Anti-coal crusaders with immense amounts of free time (or sponsored by someone with immense finances) launched a parody website last week aimed at Peabody Energy.

Peabody is the world's largest private-sector coal-mining company.

The parody website, coalcares .org, pretends to be a public-relations initiative from Peabody, giving free asthma inhalers to children who live near coal-fired power plants and breathe their pollution.

The Yes Men social activists helped produce the site.

The mock site also offers coupons for asthma medicine, and a variety of inhalers featuring cartoon characters are pictured, designed to protect asthmatics from "asthma-related bullying," which is characterized as a larger problem than pollution from burning coal.

No doubt coal-supplied electricity and alternative energy spur serious debate in the U.S., but the faux site's tongue-in-cheek humor is hard to deny.

The site includes a fake critique of solar and wind power, complete with pictures of birds flying headlong into wind turbines and another wind turbine bursting into flames.

"Wind turbines can kill up to 70,000 birds per year," the fake site said. "Coal particulate pollution, on the other hand, kills fewer than 13,000 people per year."
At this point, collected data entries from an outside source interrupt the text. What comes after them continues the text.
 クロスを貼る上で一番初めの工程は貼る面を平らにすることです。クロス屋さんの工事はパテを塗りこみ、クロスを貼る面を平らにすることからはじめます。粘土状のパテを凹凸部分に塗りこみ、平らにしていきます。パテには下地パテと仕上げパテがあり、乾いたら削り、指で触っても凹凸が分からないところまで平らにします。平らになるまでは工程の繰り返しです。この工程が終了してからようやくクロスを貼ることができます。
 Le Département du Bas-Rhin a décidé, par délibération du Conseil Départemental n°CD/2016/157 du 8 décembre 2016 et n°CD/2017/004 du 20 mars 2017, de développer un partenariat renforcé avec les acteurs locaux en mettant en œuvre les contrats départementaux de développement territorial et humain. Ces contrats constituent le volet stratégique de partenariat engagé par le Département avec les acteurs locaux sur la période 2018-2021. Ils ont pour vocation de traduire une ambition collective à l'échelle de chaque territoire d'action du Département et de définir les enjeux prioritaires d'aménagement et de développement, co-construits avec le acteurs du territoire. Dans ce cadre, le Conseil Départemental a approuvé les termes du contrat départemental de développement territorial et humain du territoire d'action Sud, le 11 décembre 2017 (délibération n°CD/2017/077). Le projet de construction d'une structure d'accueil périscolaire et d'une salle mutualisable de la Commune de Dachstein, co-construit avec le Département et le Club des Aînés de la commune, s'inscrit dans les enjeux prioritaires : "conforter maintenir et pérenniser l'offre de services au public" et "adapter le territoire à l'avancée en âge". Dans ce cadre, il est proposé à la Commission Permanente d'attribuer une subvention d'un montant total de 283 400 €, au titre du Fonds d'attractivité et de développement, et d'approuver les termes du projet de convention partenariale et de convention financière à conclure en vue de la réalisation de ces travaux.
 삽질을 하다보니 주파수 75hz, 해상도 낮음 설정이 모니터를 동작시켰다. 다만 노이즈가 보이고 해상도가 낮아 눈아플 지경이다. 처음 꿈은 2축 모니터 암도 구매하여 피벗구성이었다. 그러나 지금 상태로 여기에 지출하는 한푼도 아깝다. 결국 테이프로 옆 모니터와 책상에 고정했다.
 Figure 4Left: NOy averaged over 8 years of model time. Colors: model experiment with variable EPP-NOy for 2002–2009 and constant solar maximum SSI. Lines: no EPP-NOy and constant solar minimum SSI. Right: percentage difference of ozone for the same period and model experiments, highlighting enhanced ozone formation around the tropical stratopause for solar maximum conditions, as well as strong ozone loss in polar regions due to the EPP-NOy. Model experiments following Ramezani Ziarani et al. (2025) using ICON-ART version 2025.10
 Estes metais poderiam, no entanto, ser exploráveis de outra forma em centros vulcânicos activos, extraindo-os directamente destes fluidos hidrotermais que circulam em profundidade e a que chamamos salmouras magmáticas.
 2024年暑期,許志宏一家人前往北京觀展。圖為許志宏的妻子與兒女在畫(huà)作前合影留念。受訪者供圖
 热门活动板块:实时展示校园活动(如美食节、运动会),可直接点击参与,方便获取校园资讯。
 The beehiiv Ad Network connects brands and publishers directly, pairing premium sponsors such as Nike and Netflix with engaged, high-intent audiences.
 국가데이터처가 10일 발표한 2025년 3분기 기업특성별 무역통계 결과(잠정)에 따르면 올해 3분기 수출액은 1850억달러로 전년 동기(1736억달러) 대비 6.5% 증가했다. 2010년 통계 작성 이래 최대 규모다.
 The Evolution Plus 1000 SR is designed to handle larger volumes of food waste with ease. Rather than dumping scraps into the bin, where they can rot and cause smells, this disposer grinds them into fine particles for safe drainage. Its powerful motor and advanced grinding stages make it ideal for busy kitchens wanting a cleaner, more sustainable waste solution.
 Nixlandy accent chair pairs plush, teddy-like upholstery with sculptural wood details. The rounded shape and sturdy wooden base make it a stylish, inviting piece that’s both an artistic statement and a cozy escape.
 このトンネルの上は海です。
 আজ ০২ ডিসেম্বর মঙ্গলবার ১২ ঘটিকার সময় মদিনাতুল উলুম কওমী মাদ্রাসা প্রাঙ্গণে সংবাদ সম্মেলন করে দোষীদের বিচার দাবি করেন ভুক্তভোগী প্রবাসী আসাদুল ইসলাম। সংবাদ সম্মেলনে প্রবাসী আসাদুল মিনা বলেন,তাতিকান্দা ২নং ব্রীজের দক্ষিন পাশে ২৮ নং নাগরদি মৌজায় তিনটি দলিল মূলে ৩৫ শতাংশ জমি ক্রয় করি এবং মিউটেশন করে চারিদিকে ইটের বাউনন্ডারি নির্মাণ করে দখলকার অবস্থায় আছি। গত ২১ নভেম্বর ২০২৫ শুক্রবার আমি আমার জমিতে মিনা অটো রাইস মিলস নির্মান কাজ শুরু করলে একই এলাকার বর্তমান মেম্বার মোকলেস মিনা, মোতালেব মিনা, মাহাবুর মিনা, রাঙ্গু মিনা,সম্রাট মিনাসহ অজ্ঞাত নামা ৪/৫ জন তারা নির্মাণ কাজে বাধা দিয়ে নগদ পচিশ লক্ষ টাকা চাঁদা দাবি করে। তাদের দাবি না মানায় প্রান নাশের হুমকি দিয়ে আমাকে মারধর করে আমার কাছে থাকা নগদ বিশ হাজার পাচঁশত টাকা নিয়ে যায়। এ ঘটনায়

The real Peabody sent out a notice that the site was a hoax and issued a statement endorsing coal power and tying it to improved human health.

"Peabody is proud to help hundreds of millions of people live longer and better through coal-fueled electricity," Peabody said. "A growing collection of studies demonstrates the correlation between electricity fueled by low-cost coal and improvement in health, longevity and quality of life."

Peabody operates Arizona's only coal operation, the Kayenta Mine, on the Navajo and Hopi lands in northern Arizona.

That coal supplies the Navajo Generating Station near Page, which powers the Central Arizona Project and various utilities, including the big three in Arizona.